Numerous studies have made significant efforts to study the genesis of LRGRs [9,10,11,12]. However, there is relatively little systematic research on the characteristic and genesis mechanism of shallow buried layers. The genesis of LRGRs involves multi-scale factors. The macroscale factors affecting low-resistivity contrast are engineering factors, such as the deep invasion of high-salinity mud filtrate, which reduce formation resistivity [13]. At the microscale, some studies have shown that the presence of high-conductivity minerals or fluids (e.g., pyrite, clay minerals with a high cation exchange ability or high-salinity formation water) reduces resistivity [14,15,16,17]. Besides these, the complex pore structure, the phenomena of an enhanced water retention capacity of the rock and increased capillary force, and the large surface area of the particles can all result in high irreducible water saturation (Swi) [18,19]. The current identification methods primarily use traditional cross-plots and curve overlays. Advanced techniques (e.g., nuclear magnetic resonance (NMR) and array acoustic logging) can enable the identification of multi-parameter fluid sensitivity factors [20]. However, ambiguous fluid signals and undiagnosed genesis mechanisms in uncompacted formations can decrease the evaluation accuracy.
This study focused on the genesis mechanism and log evaluation of shallow LRGRs in the HJ Formation in the northern BY Sag in the South China Sea Basin. By combining petrophysical experiment data with advanced logging data from the L19 Region, the genesis mechanism of our target formation was determined and the effect of a high Swi and high cation exchange capacity on reducing formation resistivity were elucidated. By analyzing the interplay between lithology, pore structure and fluid properties, we aimed to establish region-specific identification criteria. This study provides an integrated workflow for clay-rich shallow reservoirs.

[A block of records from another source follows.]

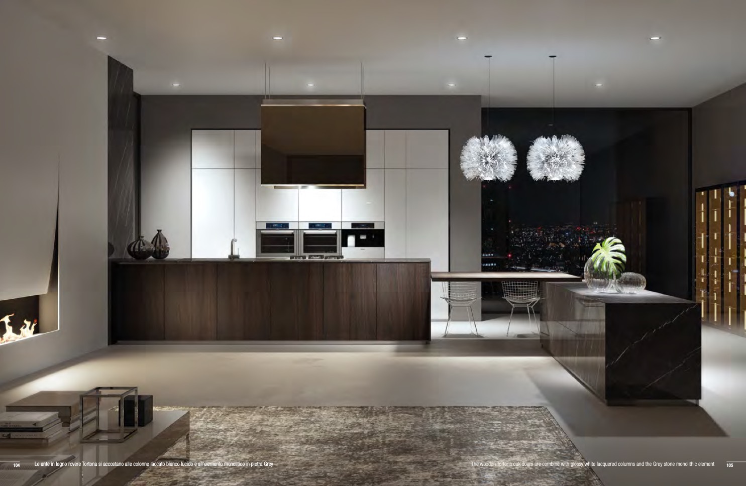 The wooden Tortona oak doors are combine with glossy white lacquered columns and the Grey stone monolithic element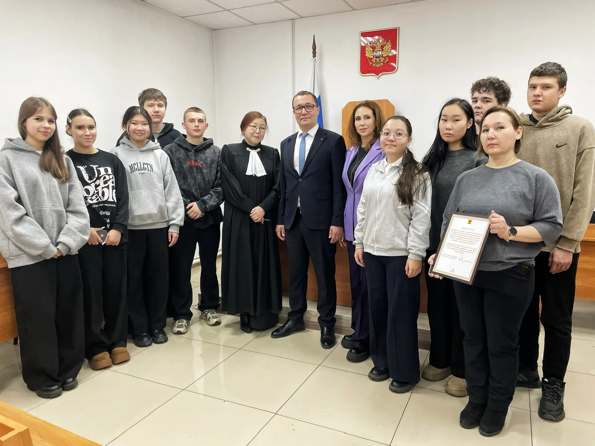 На фото: профориентационные мероприятия Департамента мировых судей для школьников 10-11 классов на судебном участке в Забайкальском муниципальном округе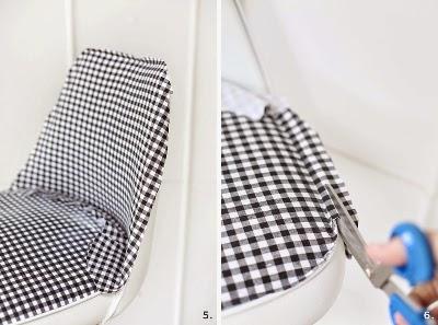 Paso 3: corta las piezas de tela para el respaldo y el asiento. Lo más importante en este paso es asegurarte que si la tela tiene algún dibujo, que quede bien alineado con la posición de la tela.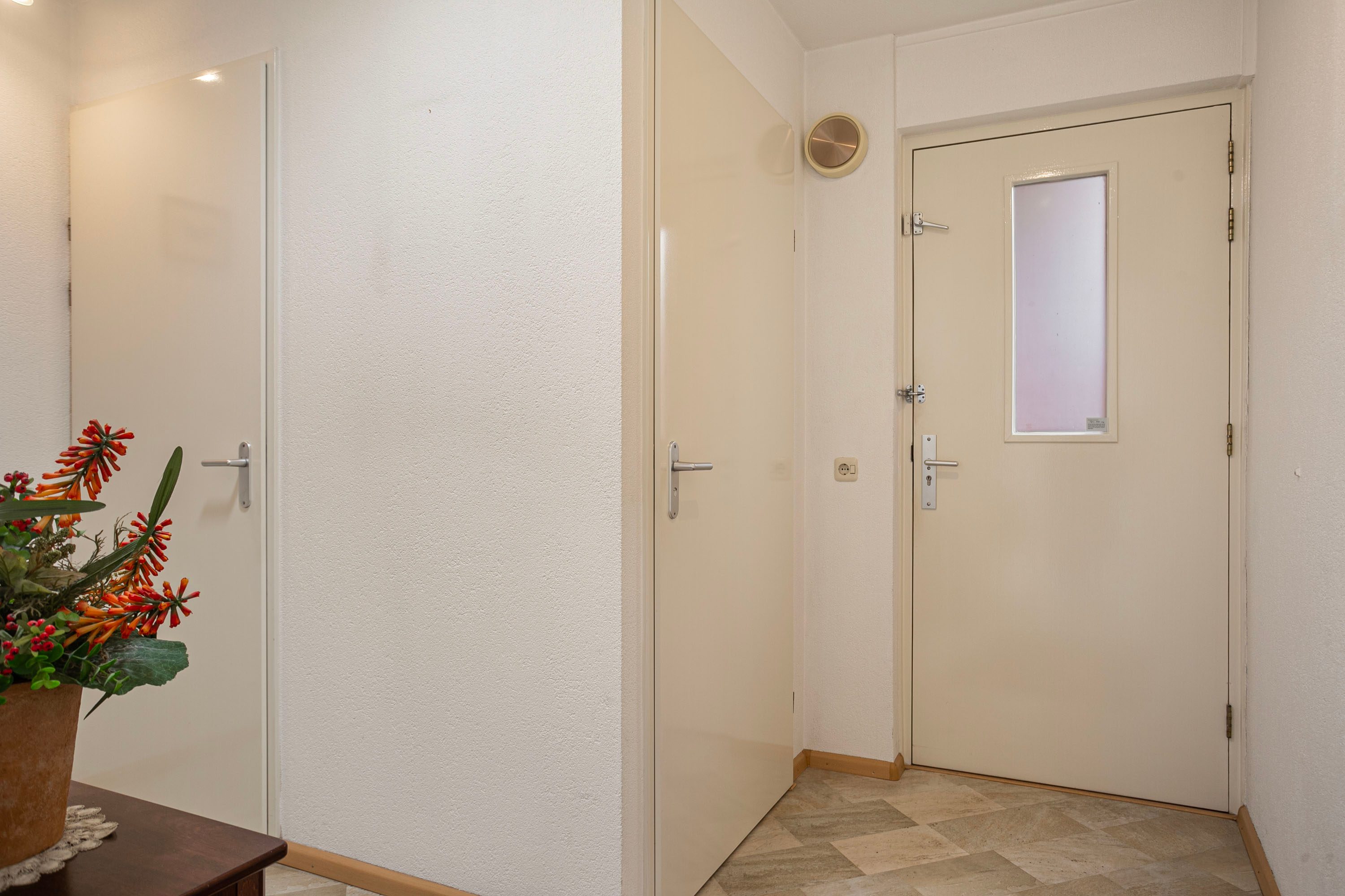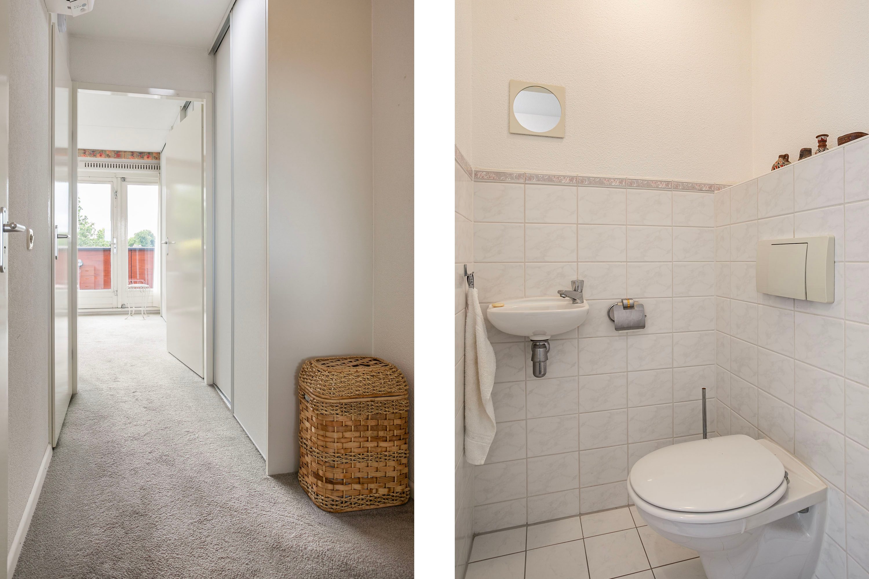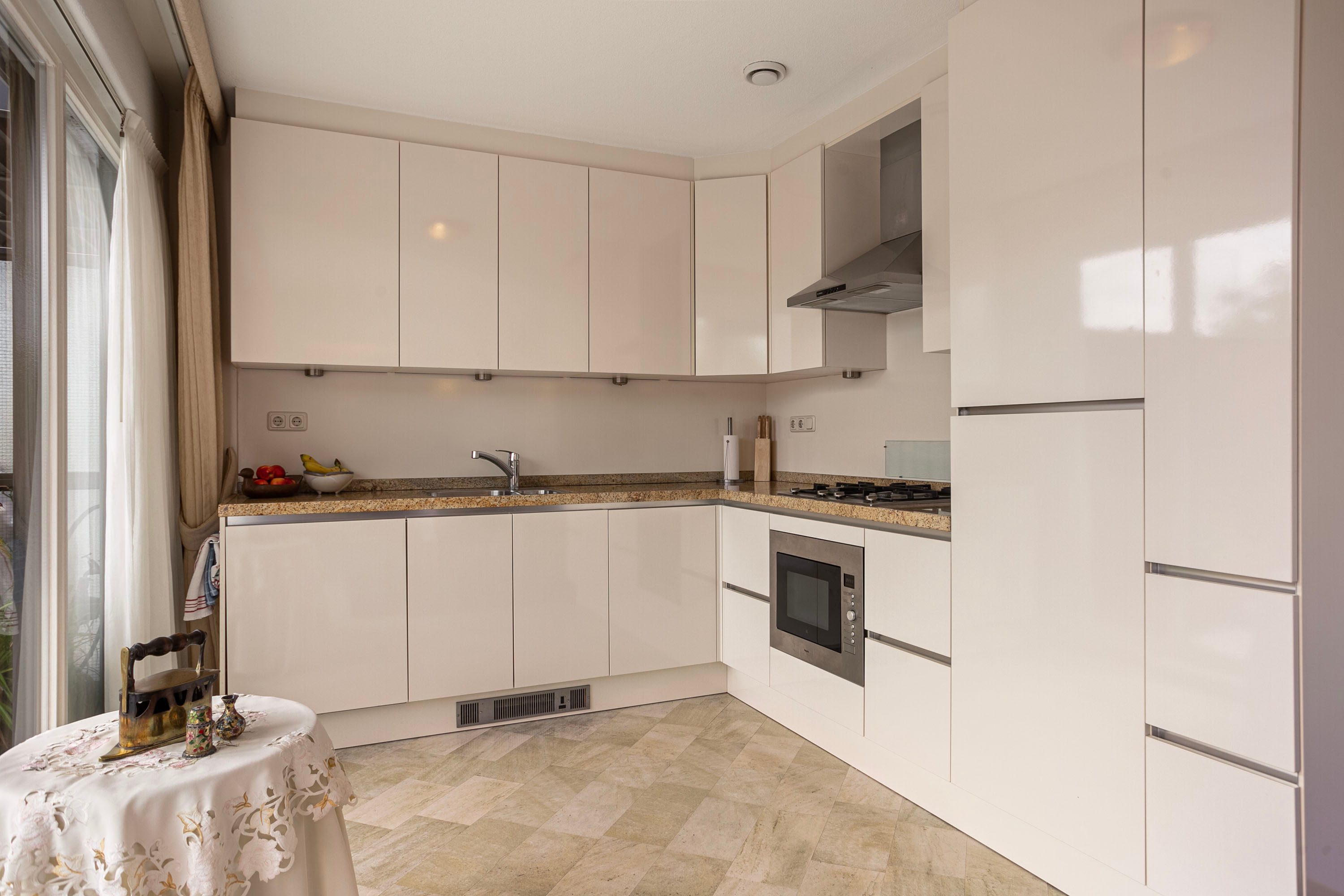 Via de centrale hal betreed je het appartement. Deze ruime entree geeft toegang tot het toilet, de wasruimte met extra berging en een zeer royale woonkamer met veel natuurlijk licht dankzij de grote raampartijen. De woonkamer sluit aan op een nette keuken in hoekopstelling, voorzien van inbouwapparatuur zoals een gasfornuis, afzuigkap, magnetron, koelkast en vaatwasser.

2. Methodologies and Results

2.1. Genesis Mechanism of Low-Resistivity Contrast Gas-Bearing Formation

2.1.1. High Swi Decreases Resistivity

Irreducible water comprises three distinct types: surface-bound water on non-clay materials, clay-associated water within clay materials, and capillary retention water in microporous networks [21,22,23]. Unlike capillary retention water, clay-bound water remains invariant under reservoir perturbations. This immobile phrase significantly elevates the conductivity due to the expansion of the surface area of clay minerals.
The measured results of X-ray diffraction experiments in the laboratory clearly illustrated that our target formation features a high clay content and its lithology is dominated by clay and argillaceous siltstone, while core samples recovered from conventional reservoirs exhibited lower clay contents (Table 1). Generally, a high clay content always increases Swi, thus decreasing the resistivity [24]. Figure 1 clearly indicates that the deep induction resistivity (Rt) was inversely related to clay content. The other factor, the low pyrite content (with an average value of 0.77%), was too low to reduce resistivity. From Table 1 and Figure 1, we can conclude that a high clay content decreases the resistivity in gas-bearing reservoirs.
As shown in Figure 2, the HJ Formation in well K18-1 exhibited similar low-resistivity characteristics (1–5 Ω.m). The drill stem test (DST) data illustrated that the interval of xx50-xx60 m is a pure gas-bearing formation without any water. The array induction resistivity indicated that this interval could be defined as a low-resistivity contrast gas-bearing reservoir. The measured NMR T2 spectra shown in the sixth track in Figure 2 and the core-derived results (Figure 3a) indicated that the HJ Formation is dominated by micro-pores. Crucially, the negative correlation between Swi and Rt indicated that an increase in Swi would lead to a significant reduction in resistivity in gas-bearing zones (Figure 3b). In water-saturated zones, this reduction was attenuated due to the presence of movable water.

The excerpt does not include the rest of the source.